There is a clear positive relationship between total steps and calories burned. Users who take more steps consistently burn more calories, reinforcing the value of step-based activity as a simple and effective health metric.
Lightly active and sedentary minutes dominate daily activity patterns, while very active minutes are comparatively limited. This suggests that many users engage in movement but may struggle to reach higher-intensity activity levels.
Average activity intensity peaks during daytime hours and declines significantly at night. This reflects typical daily routines and highlights opportunities for timely nudges during peak activity windows.
Sleep duration varies considerably among users who track sleep. While this dataset is smaller, it provides useful context for understanding how activity and rest may interact for engaged users.
Since steps strongly correlate with calorie burn, Bellabeat can emphasize personalized daily step goals that adapt to user activity history rather than fixed targets. This lowers the barrier for less active users while still motivating improvement.
Given the dominance of light activity, Bellabeat can introduce micro-workout prompts (5–10 minutes) that encourage users to transition from light to moderate or vigorous activity, especially during peak daytime hours.
Activity intensity patterns suggest optimal times for engagement. Bellabeat can send context-aware reminders during periods when users are most likely to be active, increasing the effectiveness of in-app nudges.
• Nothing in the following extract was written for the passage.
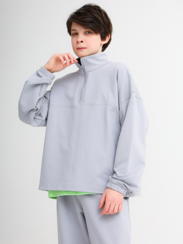 Анорак over size. Воротник- стойка с частичной застежкой на тракторную неразъемную молнию. Рукав втачной со спущенным плечом. Обработка по низу изделия и манжеты из кашкорсе. Отрезная кокетка на полочке и спинке. Декоративная отстрочка по срезам. На спинке объемная нашивка.

For users who track sleep, Bellabeat can tailor activity suggestions based on sleep duration, promoting recovery-aware fitness guidance and reinforcing Bellabeat’s holistic health positioning.
The limited use of weight and sleep tracking suggests an opportunity to educate users on the benefits of logging these metrics. Clear messaging on how these features enhance personalized insights could increase adoption.
These insights highlight opportunities for Bellabeat to increase user engagement by promoting achievable activity goals, timely interventions, and personalized health guidance aligned with real-world user behavior.
Thank you for your interest in my Bellabeat Case Study!
This project represents my first end-to-end case study using R for data cleaning, analysis, and visualization. I welcome feedback and suggestions for further improvement.